**Data provided:**
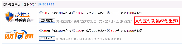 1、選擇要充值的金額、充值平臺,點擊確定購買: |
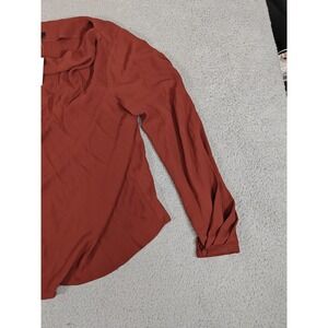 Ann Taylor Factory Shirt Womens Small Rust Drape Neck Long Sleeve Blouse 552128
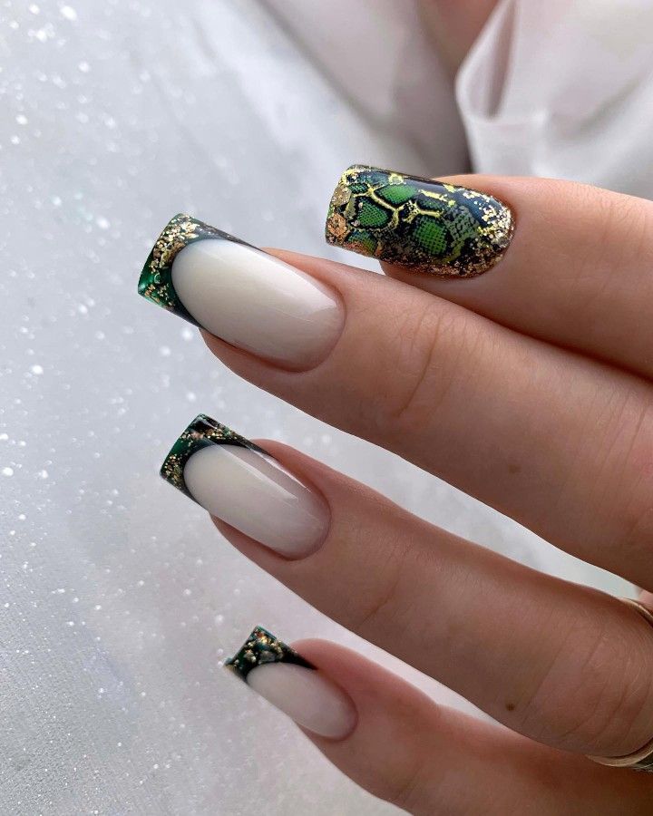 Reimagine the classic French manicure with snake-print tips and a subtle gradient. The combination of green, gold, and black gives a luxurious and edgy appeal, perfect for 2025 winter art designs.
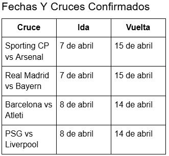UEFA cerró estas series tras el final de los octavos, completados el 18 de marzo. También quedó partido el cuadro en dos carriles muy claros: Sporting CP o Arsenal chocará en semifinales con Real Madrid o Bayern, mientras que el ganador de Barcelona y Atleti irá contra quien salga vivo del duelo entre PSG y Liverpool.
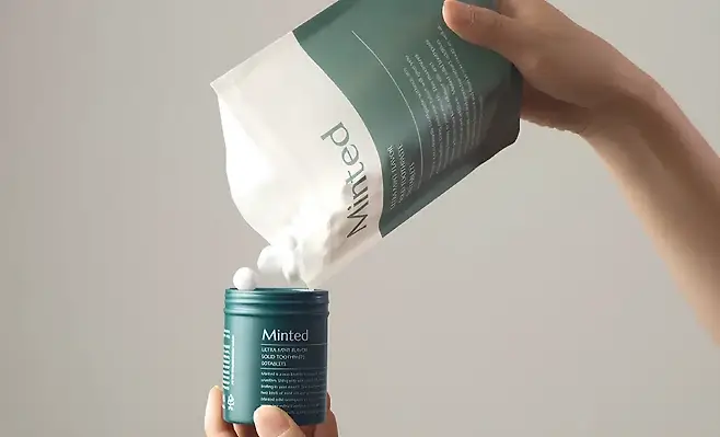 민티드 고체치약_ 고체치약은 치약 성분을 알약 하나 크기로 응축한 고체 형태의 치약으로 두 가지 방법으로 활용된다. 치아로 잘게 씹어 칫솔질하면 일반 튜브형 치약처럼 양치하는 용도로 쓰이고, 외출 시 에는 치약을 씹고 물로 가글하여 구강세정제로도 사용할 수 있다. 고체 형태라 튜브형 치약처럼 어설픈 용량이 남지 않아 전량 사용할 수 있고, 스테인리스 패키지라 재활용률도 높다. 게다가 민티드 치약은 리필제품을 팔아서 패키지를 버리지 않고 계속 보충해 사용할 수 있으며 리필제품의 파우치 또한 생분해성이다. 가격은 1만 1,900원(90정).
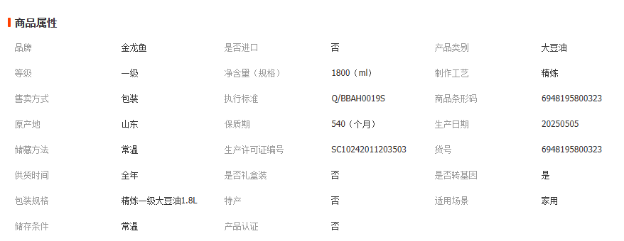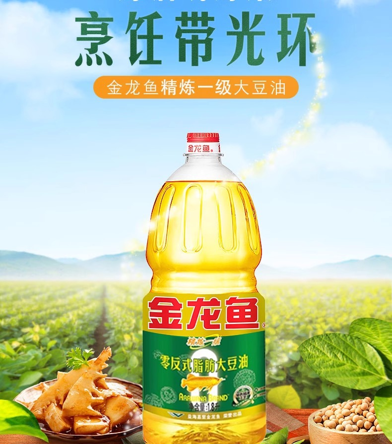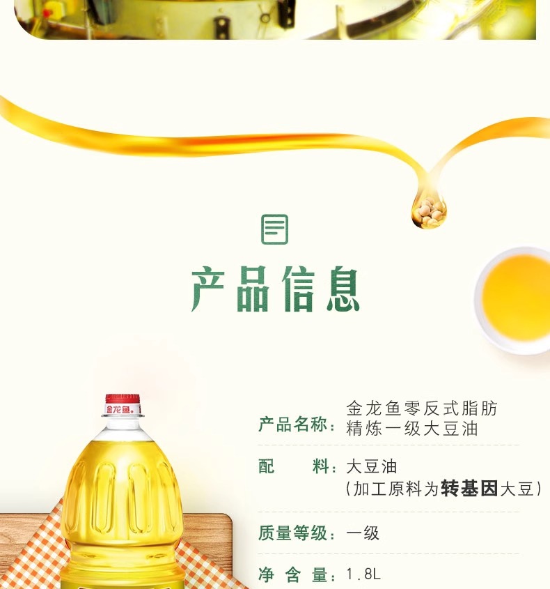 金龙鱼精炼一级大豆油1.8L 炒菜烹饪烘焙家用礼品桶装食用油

* * *

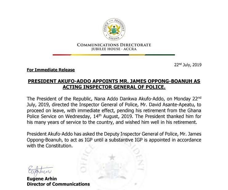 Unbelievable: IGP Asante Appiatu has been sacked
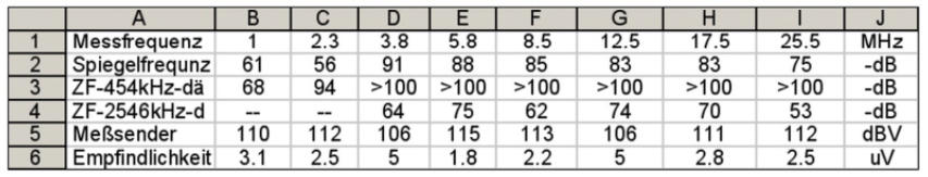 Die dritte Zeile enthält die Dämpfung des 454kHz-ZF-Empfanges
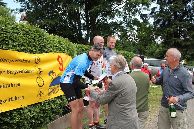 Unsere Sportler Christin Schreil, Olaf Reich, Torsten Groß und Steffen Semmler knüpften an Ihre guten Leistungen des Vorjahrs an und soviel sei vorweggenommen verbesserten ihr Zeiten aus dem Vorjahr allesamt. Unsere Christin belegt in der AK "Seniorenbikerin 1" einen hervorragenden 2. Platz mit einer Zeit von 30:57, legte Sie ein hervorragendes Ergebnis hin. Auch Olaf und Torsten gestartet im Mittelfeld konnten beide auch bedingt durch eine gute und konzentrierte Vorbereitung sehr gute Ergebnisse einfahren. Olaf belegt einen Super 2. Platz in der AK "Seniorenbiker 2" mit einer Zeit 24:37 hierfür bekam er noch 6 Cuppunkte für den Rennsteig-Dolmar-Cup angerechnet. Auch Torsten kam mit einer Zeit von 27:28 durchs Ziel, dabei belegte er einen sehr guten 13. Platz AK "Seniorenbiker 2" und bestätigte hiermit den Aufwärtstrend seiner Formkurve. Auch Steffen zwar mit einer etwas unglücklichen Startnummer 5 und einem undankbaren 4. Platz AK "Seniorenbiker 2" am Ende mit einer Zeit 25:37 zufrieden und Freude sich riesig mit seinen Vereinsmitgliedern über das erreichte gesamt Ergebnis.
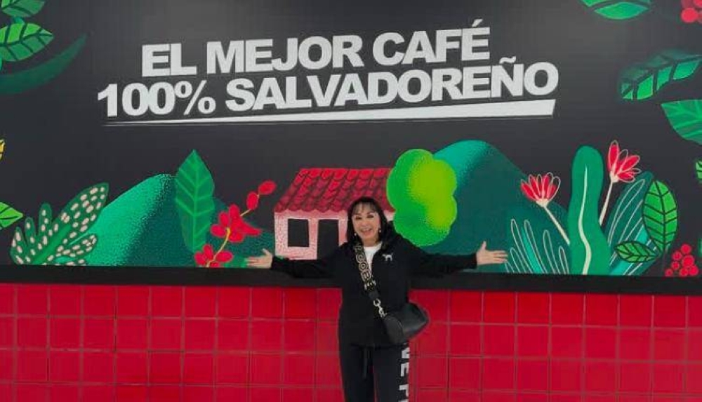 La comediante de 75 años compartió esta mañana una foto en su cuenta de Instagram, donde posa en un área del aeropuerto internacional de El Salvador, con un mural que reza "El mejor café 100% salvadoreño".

**Task prompt:** Copy only the lines above from the one containing "UEFA cerró estas" through the one containing "金龙鱼精炼一级大豆油1.8L 炒菜烹饪烘焙家用礼品桶装食用油", both included. Leave out the pictures.

**Exercise answer:**
UEFA cerró estas series tras el final de los octavos, completados el 18 de marzo. También quedó partido el cuadro en dos carriles muy claros: Sporting CP o Arsenal chocará en semifinales con Real Madrid o Bayern, mientras que el ganador de Barcelona y Atleti irá contra quien salga vivo del duelo entre PSG y Liverpool.
 민티드 고체치약_ 고체치약은 치약 성분을 알약 하나 크기로 응축한 고체 형태의 치약으로 두 가지 방법으로 활용된다. 치아로 잘게 씹어 칫솔질하면 일반 튜브형 치약처럼 양치하는 용도로 쓰이고, 외출 시 에는 치약을 씹고 물로 가글하여 구강세정제로도 사용할 수 있다. 고체 형태라 튜브형 치약처럼 어설픈 용량이 남지 않아 전량 사용할 수 있고, 스테인리스 패키지라 재활용률도 높다. 게다가 민티드 치약은 리필제품을 팔아서 패키지를 버리지 않고 계속 보충해 사용할 수 있으며 리필제품의 파우치 또한 생분해성이다. 가격은 1만 1,900원(90정).
 金龙鱼精炼一级大豆油1.8L 炒菜烹饪烘焙家用礼品桶装食用油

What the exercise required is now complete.